Architecture and the Sciences

Architecture and the Sciences
Author: Antoine Picon,Alessandra Ponte
Publsiher: Princeton Architectural Press
Total Pages: 364
Release: 2003-05
Genre: Architecture
ISBN: 1568983654

Download Architecture and the Sciences Book in PDF, Epub and Kindle

Since antiquity, the sciences have served as a source of images and metaphors for architecture and have had a direct influence on the shaping of built space.

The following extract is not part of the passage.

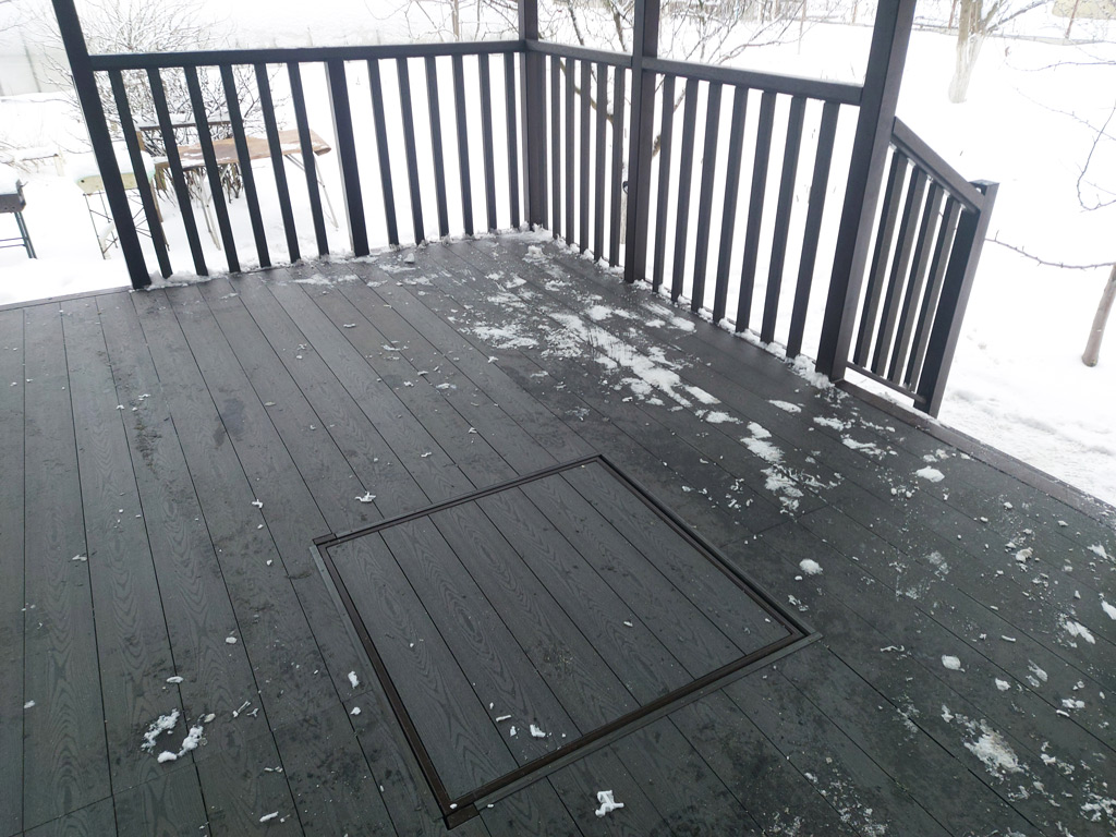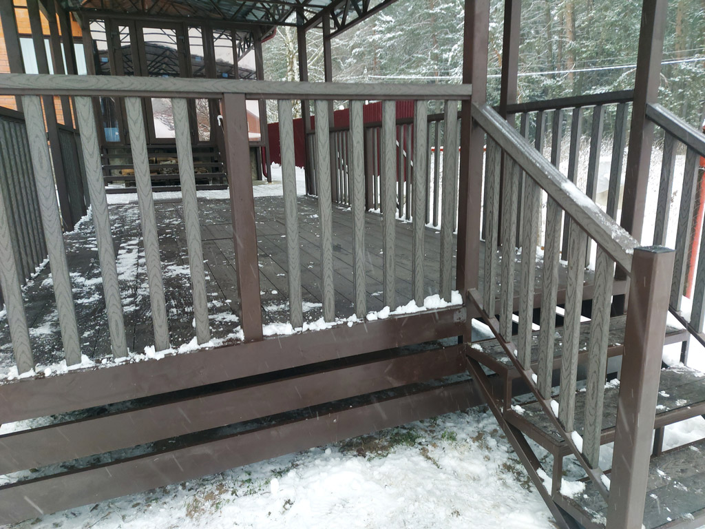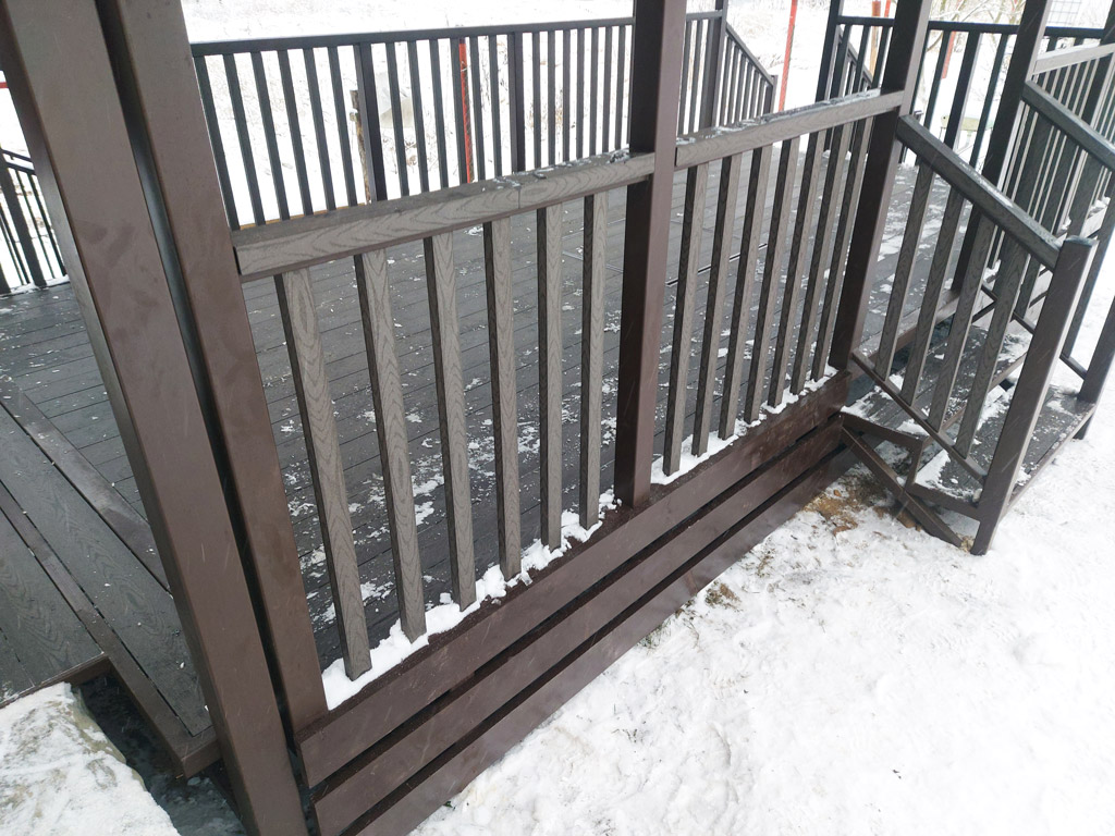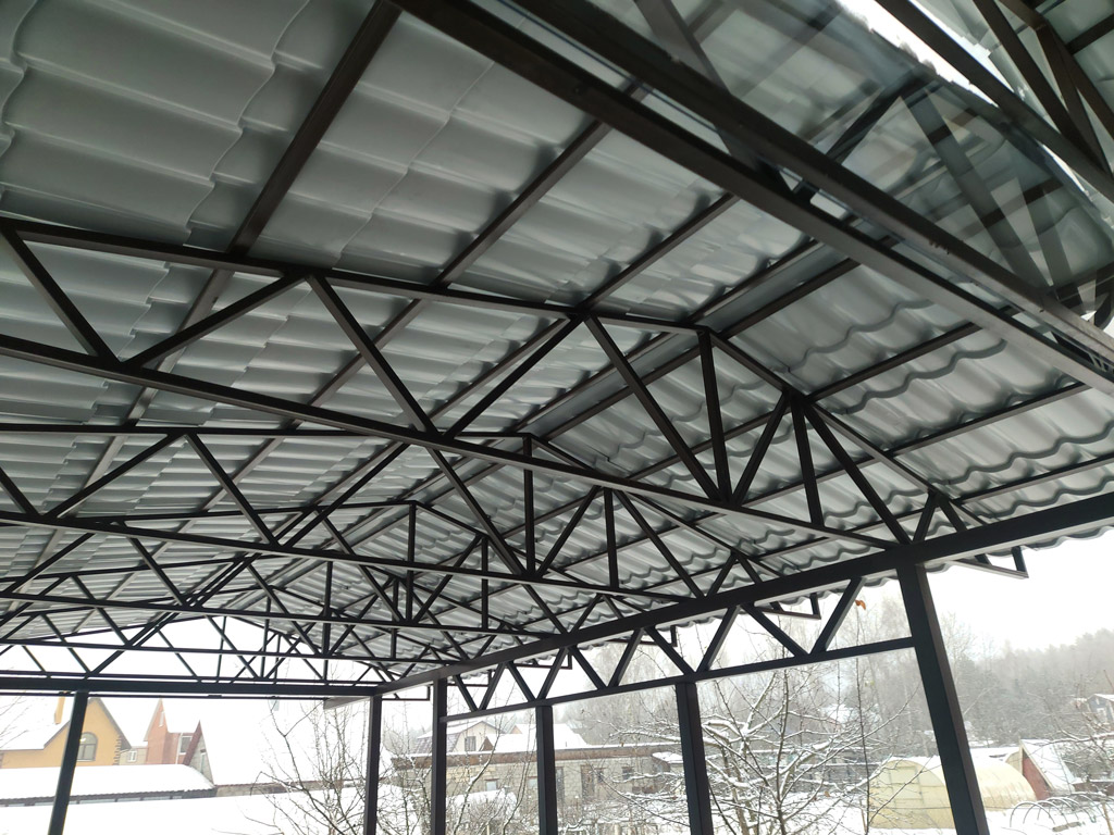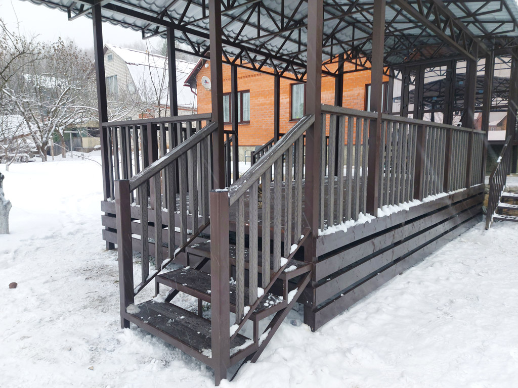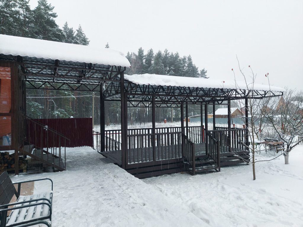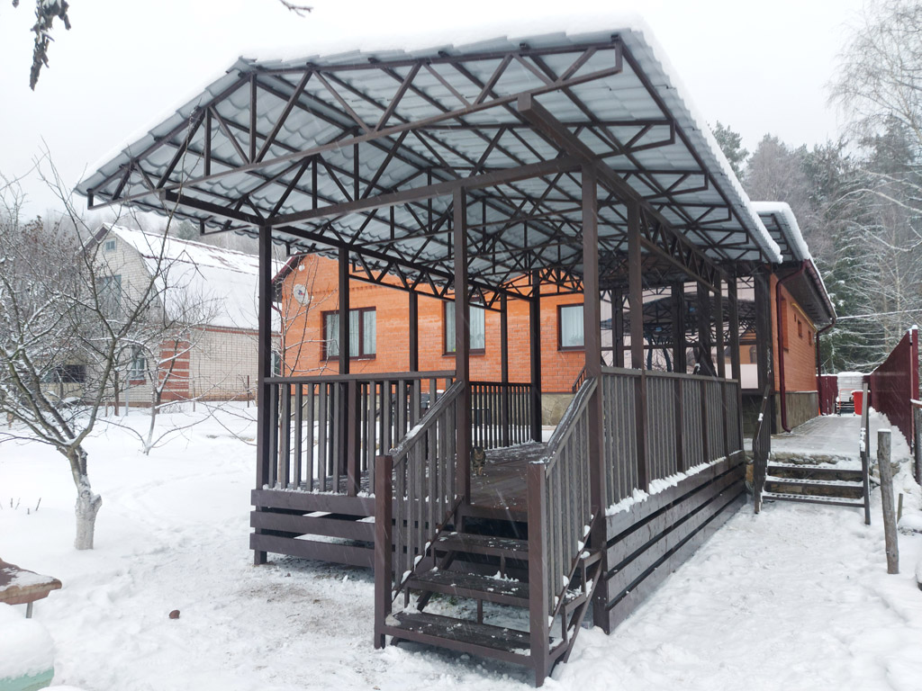 Изготовлена беседка размером 6000х3280 мм. (19 м²). Крыша состоит из семи ассиметричных ферм покрытых металлической черепицей. Беседка имеет две лестницы. Пол беседки и ступени лестниц обшиты доской ДПК. Перила изготовлены с использованием ДПК. В полу предусмотрен люк для обслуживания дренажного колодца. Фронтальная часть фермы примыкающая к входной группе зашита монолитным поликарбонатом для предотвращения падения снега у входа в дом. Цоколь беседки обшит крашеной струганной сосновой доской. Конструкция изготовлена с учётом последующего монтажа мягких окон.

In recent years, architects have been looking again at science as a source of inspiration in the production of their designs and constructions. This volume evaluates the interconnections between the sciences and architecture from both historical and contemporary perspectives. Architecture and the Sciences shows how scientific paradigms have migrated to architecture through the appropriation of organic and mechanical models. Conversely, architecture has provided images for scientific and technological discourse. Accordingly, this volume investigates the status of the exchanges between the two domains.Contents include: Alessandra Ponte, Desert Testing; Martin Bressani, Violet-le-Duc's Optic; Georges Teyssot, Norm and Type: Variations on a Theme; Reinhold Martin, Organicism's Other; Catherine Ingraham, Why All These Birds? Birds in the Sky, Birds in the Hand; Antoine Picon, Architecture, Science, Technology and the Virtual Realm; and Felicity Scott, Encounters with the Face of America.

Metabolism in Architecture

Metabolism in Architecture
Author: Kishō Kurokawa
Publsiher: Unknown
Total Pages: 216
Release: 1977
Genre: Architecture
ISBN: UCSC:32106006269986

Download Metabolism in Architecture Book in PDF, Epub and Kindle

Even in a country where outstanding achievements have become almost a commonplace, the Japanese architect, Kisho Kurokawa, appears as both a remarkable and a remarkably successful man. With buildings in the United States and Eastern and Western Europe as well as in Japan, he has established an international reputation as a leading figure amongst the younger generation of architects. At the age of forty he already had thirty-five major buildings and seventeen books to his credit; four new towns are being built to his designs; he heads a company of over a hundred employees, he runs a think-tank and an urban design bureau and for variety he has his own television programme with a regular audience of some 30 million. Behind these statistics lies a prodigious vitality expressed in original and stimulating buildings. -- from book jacket.